• DATA FOR THIS TASK:
* * * *
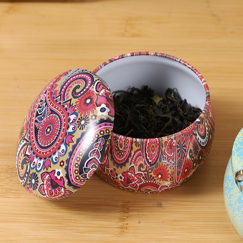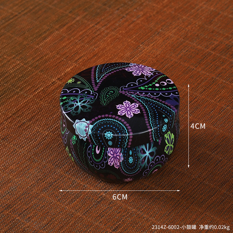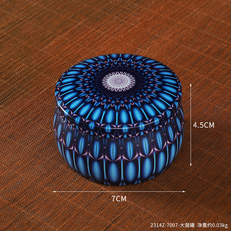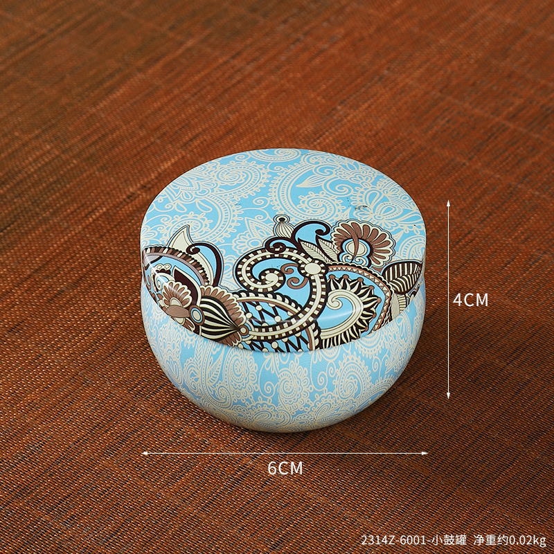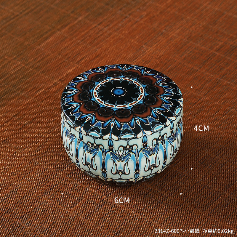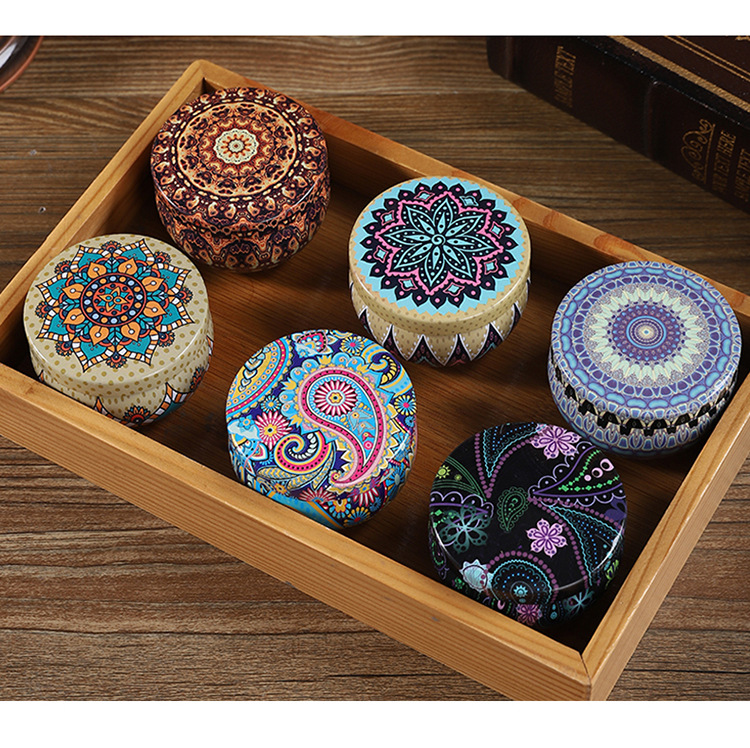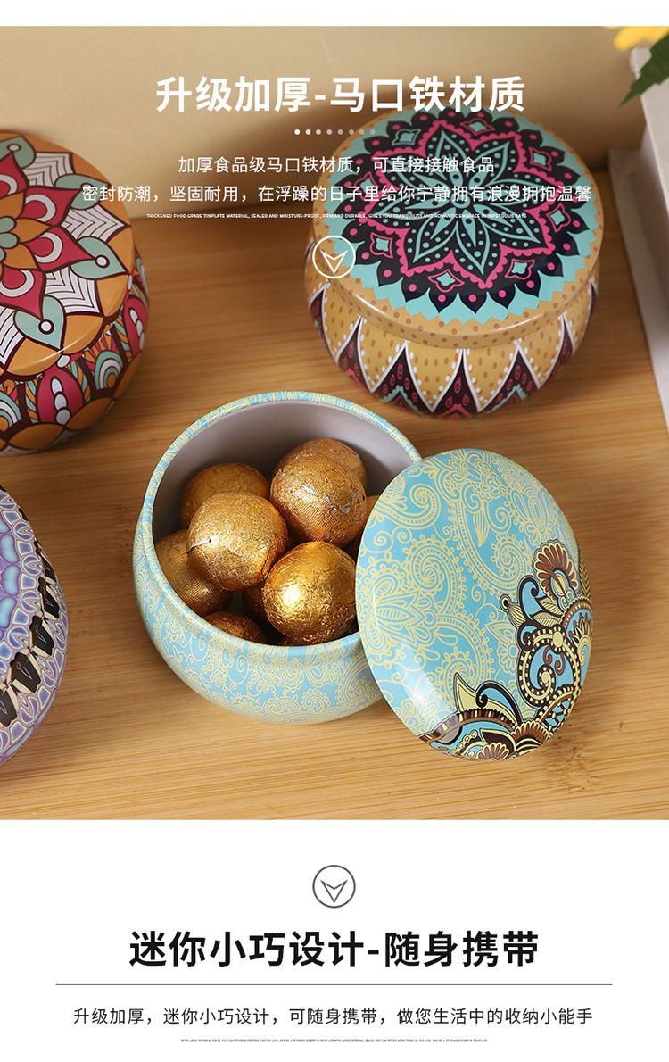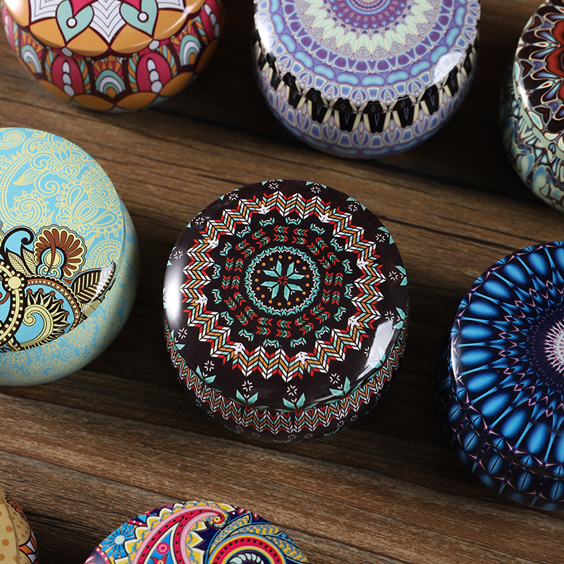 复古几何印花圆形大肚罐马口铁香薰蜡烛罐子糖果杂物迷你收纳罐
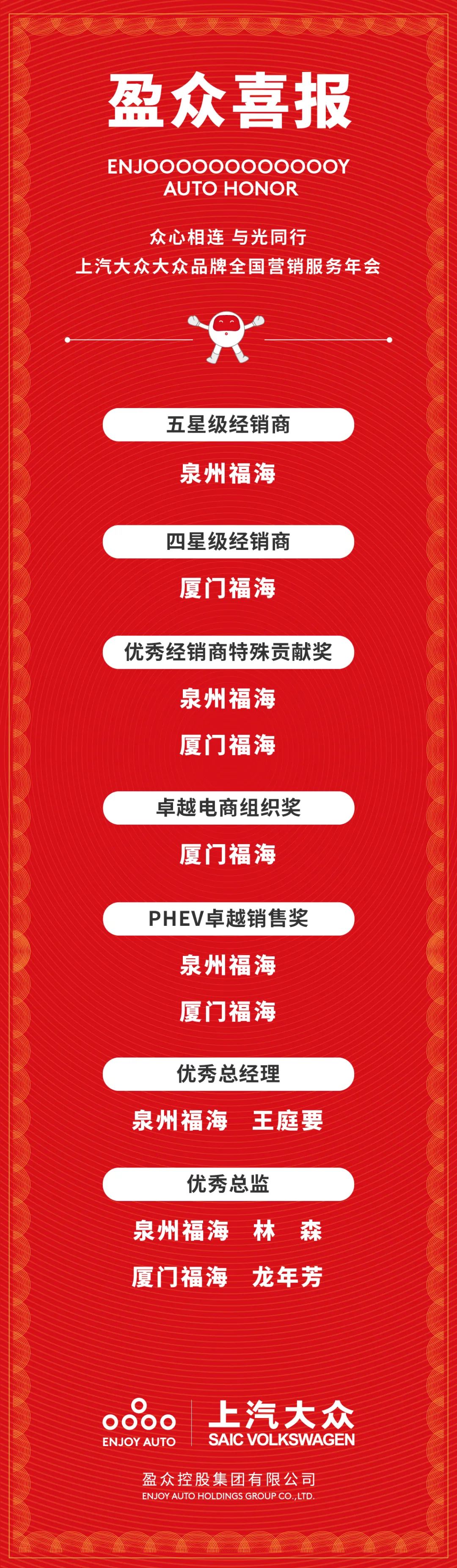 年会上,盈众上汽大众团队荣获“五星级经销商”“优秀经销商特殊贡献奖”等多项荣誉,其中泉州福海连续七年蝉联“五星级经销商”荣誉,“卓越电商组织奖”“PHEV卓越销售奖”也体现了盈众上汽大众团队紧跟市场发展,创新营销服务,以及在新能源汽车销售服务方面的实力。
* * * *
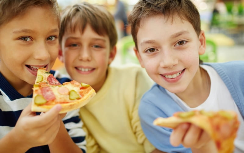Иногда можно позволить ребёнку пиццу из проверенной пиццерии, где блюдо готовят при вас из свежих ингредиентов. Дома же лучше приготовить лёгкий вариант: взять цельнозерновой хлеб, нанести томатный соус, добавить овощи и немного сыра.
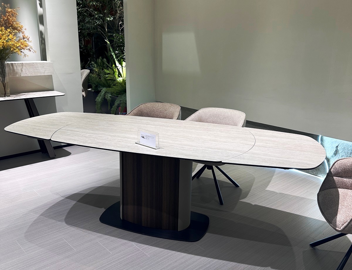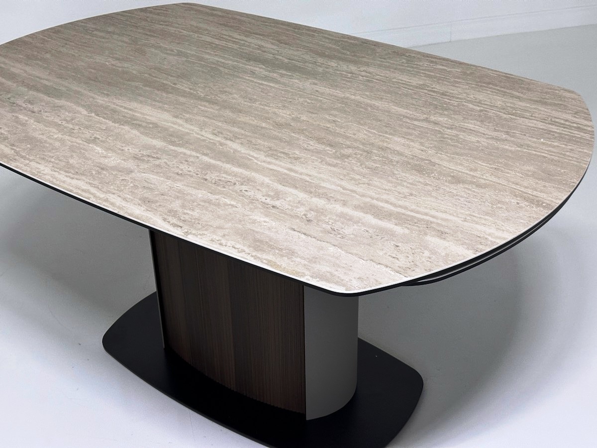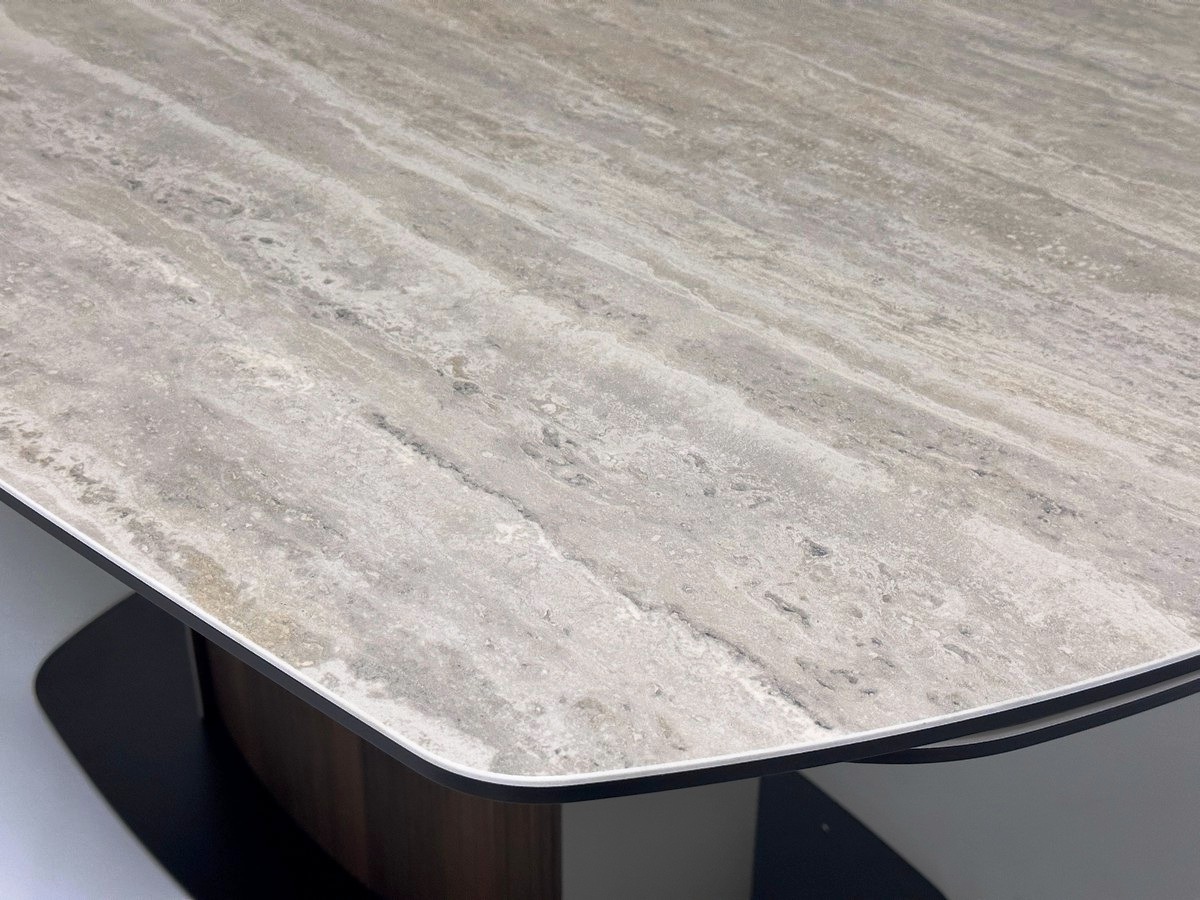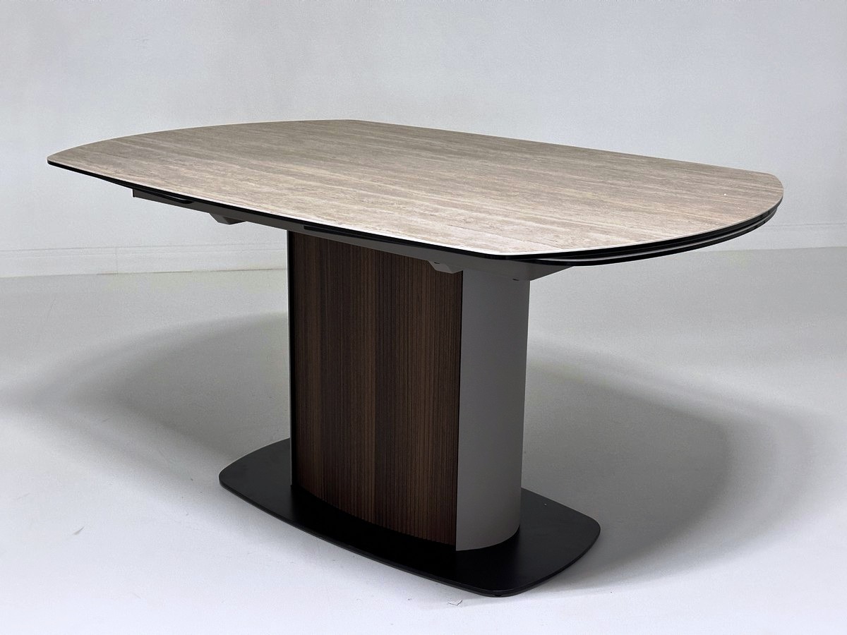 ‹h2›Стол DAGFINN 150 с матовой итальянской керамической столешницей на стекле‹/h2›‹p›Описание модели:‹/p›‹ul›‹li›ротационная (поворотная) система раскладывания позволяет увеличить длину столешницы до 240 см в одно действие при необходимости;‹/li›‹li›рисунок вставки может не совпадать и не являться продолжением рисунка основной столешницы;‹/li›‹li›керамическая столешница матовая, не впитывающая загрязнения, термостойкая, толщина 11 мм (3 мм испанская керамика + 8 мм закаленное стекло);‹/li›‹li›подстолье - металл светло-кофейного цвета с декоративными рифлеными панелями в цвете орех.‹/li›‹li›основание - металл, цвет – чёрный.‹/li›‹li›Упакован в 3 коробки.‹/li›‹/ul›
* * * *
• WHAT THE EXERCISE ASKS: Find where the line with "复古几何印花圆形大肚罐马口铁香薰蜡烛罐子糖果杂物迷你收纳罐" sits in the material above and where the line with "年会上,盈众上汽大众团队荣获" sits. Set down exactly the lines from the first to the second, both included and nothing else, without pictures.

• SOLUTION:
 复古几何印花圆形大肚罐马口铁香薰蜡烛罐子糖果杂物迷你收纳罐
 年会上,盈众上汽大众团队荣获“五星级经销商”“优秀经销商特殊贡献奖”等多项荣誉,其中泉州福海连续七年蝉联“五星级经销商”荣誉,“卓越电商组织奖”“PHEV卓越销售奖”也体现了盈众上汽大众团队紧跟市场发展,创新营销服务,以及在新能源汽车销售服务方面的实力。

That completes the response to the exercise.